I made changes to the bottom text by capitalizing the dates and switching the names to the middle row. I also changed the hierarchy and colors of the text in the upper left corner. I cropped out the left chandelier and wall, and placed more emphasis on the website by changing its location, color, and stroke weight.

For our last crit, I came in with this poster:


  1. The text feels like it’s glowing as if it were in a theater! :D Good job improving on the symmetrical composition.
  2. Top left type still feels too scattered “Live from the West Side” to “Women of Broadway” has too much of a gap.
  3. Maybe leave just the website in the top left corner?
  4. Really nice color on the text that is cohesive with the image.

Final Refinements

I made some minor adjustments—nesting the “Live from the West Side” and moving “PCT presents” up and increasing the stroke weight.

Here is my final poster:


This project was pretty difficult, but I had a lot of fun exploring and iterating and seeing my final poster develop over these two weeks. I learned a lot about how small nuances such as the shade of colors, the cropping of the image, a slight crook in the text, or a push of the margins can completely change the composition and energy of my poster. I’m pretty satisfied with my final poster, and I definitely think it improved from the previous static, center-aligned iterations.
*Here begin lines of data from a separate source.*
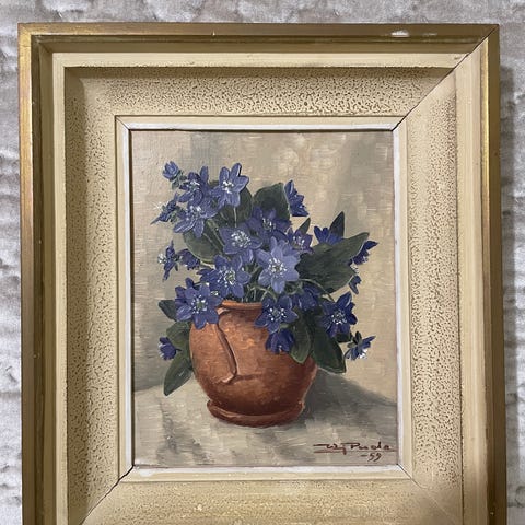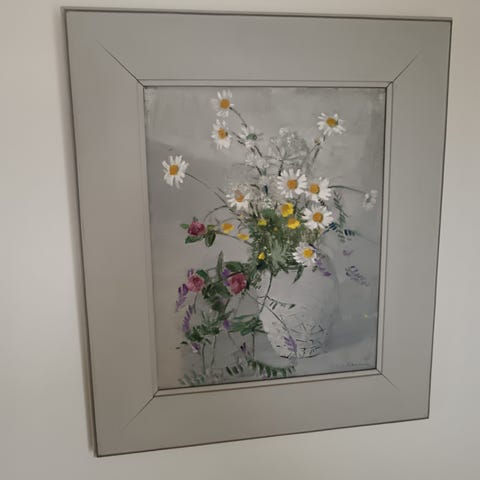 Myydään kaunis kukkataulu, jossa valkoiset puukehykset.
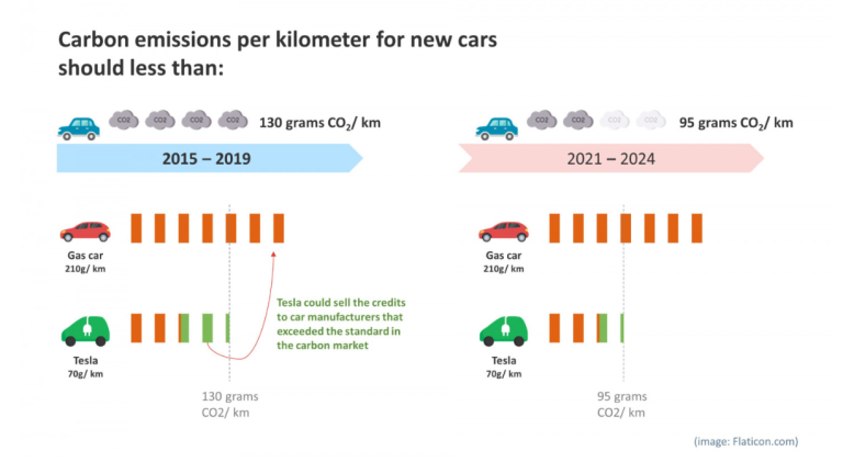 Since 2021, the EU has a set limit of 95 g CO₂/km for the average emissions of new cars. This benchmark was so strict that many traditional manufacturers could not meet it. (Jones Day, 2024)
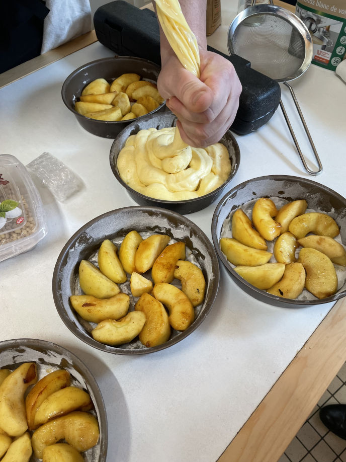 | Les étapes de la confection du qautre quart aux pommes façon tatin (Cliquer sur l'image pour la voir en plein écarn) |
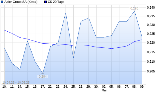 Mit dem Rücksetzer auf 0,22 EUR hat die Adler-Aktie am 09.05.2025 die 20-Tage-Linie nach unten gekreuzt.
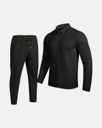 Men’s Solid-Colored Waffle-Texture Top With Zipper And Lapel Plus Long Pants All-Season Casual Suit
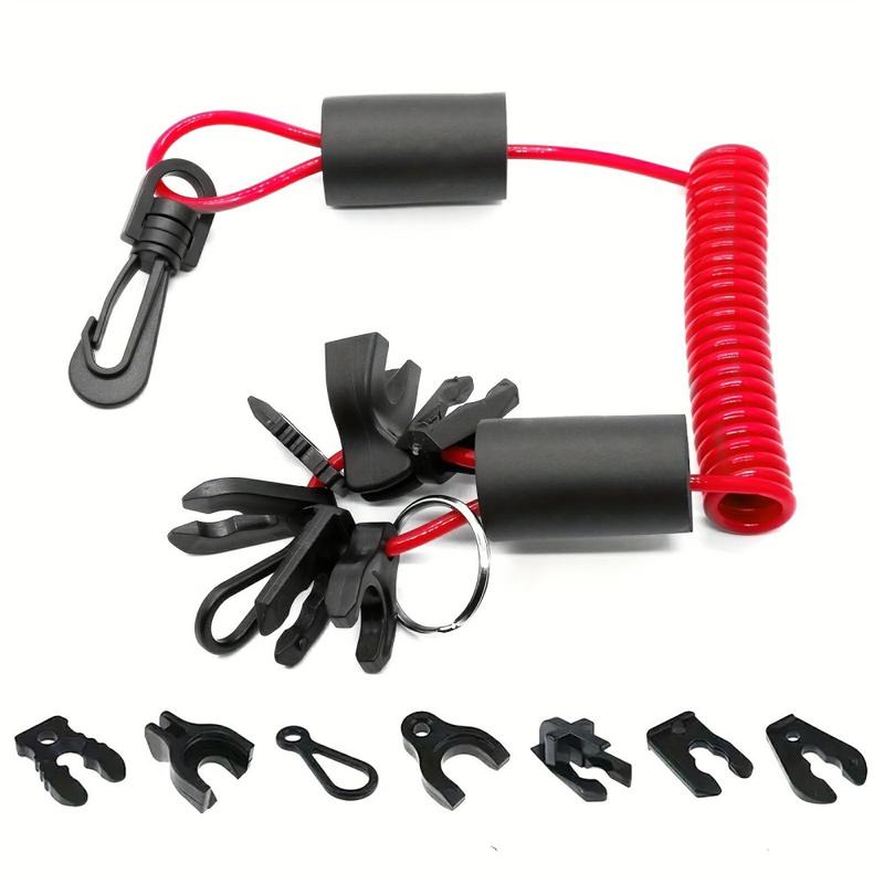 1.6m Außenbordmotor-Killschalter-Lanyard - TPU-Notfall-Sicherheitsleine mit drehbarem Haken, 7 Kill Switch-Tasten + 2 schwimmende Blasen
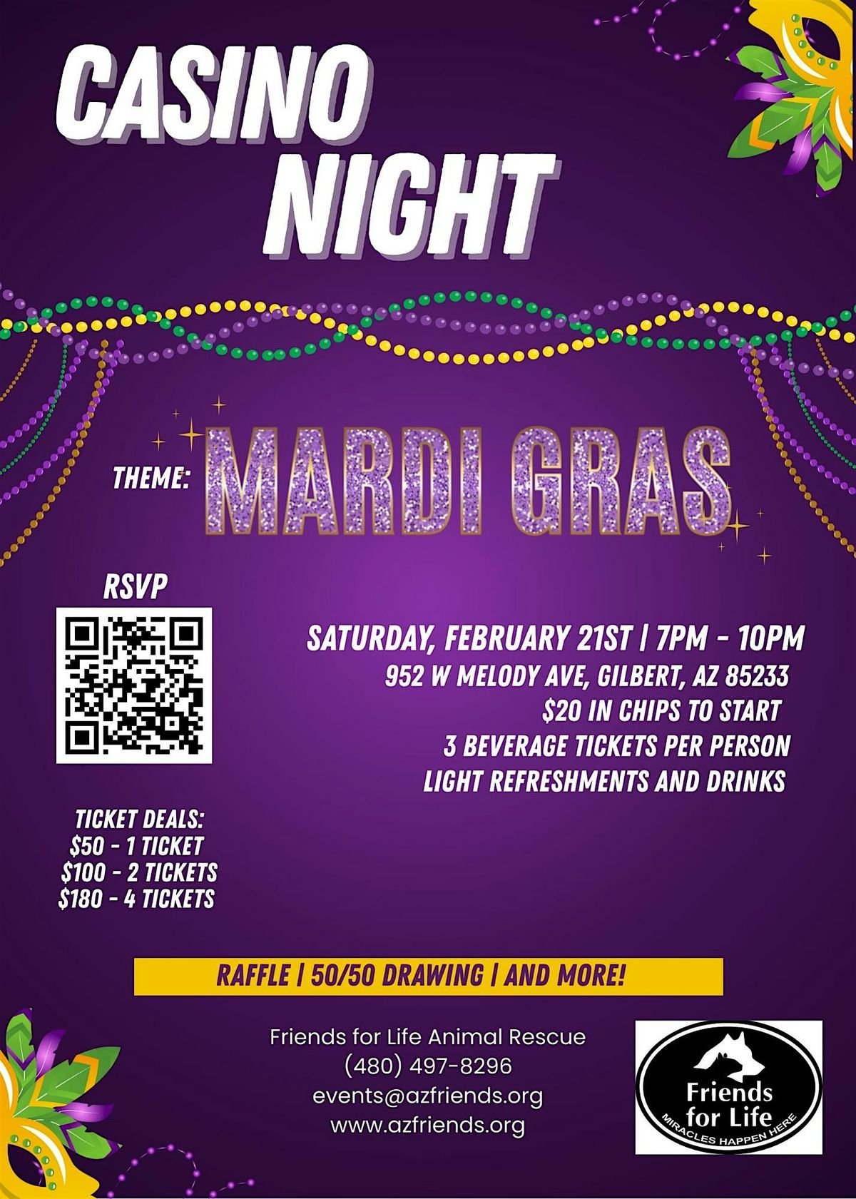 Join us for a Mardi Gras–themed Casino Night filled with games and refreshments and festive fun—all in support of Friends for Life!!About this Event
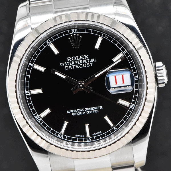 Rolex Datejust 36mm Stainless Steel Black Dial Roulette Date 116234 Watch
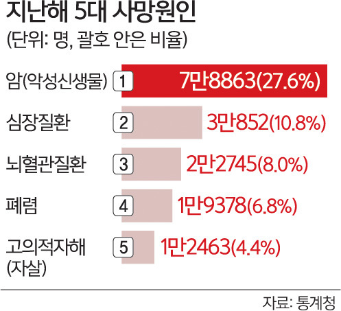 사망 원인별로 보면 암으로 인한 사망이 가장 많았다. 지난해 암 사망자는 통계 작성 후 최다인 7만8863명으로, 전체의 27.6를 차지했다.
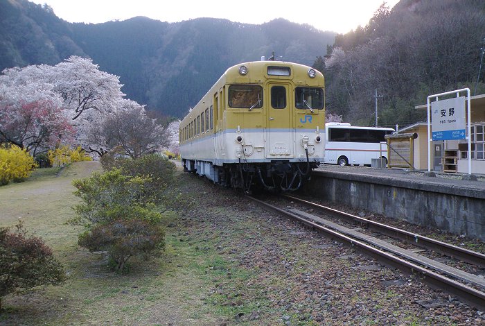 | 安野花の駅公園(広島県安芸大田町) 三段峡へ行く可部線の駅であったが 鉄道が廃止されて駅だけは保存されて残り、公園となっている。 主に桜が植えてあり春には賑わう。駅には駅長の猫がいる。 位置図 |

Throughout this project, I learned a lot about how to “activate” areas throughout a poster with color, imagery, and text, and how I can guide viewers eyes to places of emphasis with contrast in scale, proximity, and color.

Our wall of final posters!

Our class’s final posters pinned up on the wall.

The “evolution” of my poster:

It’s pretty cool to see how the black colored background from the color exercise translated into the final poster.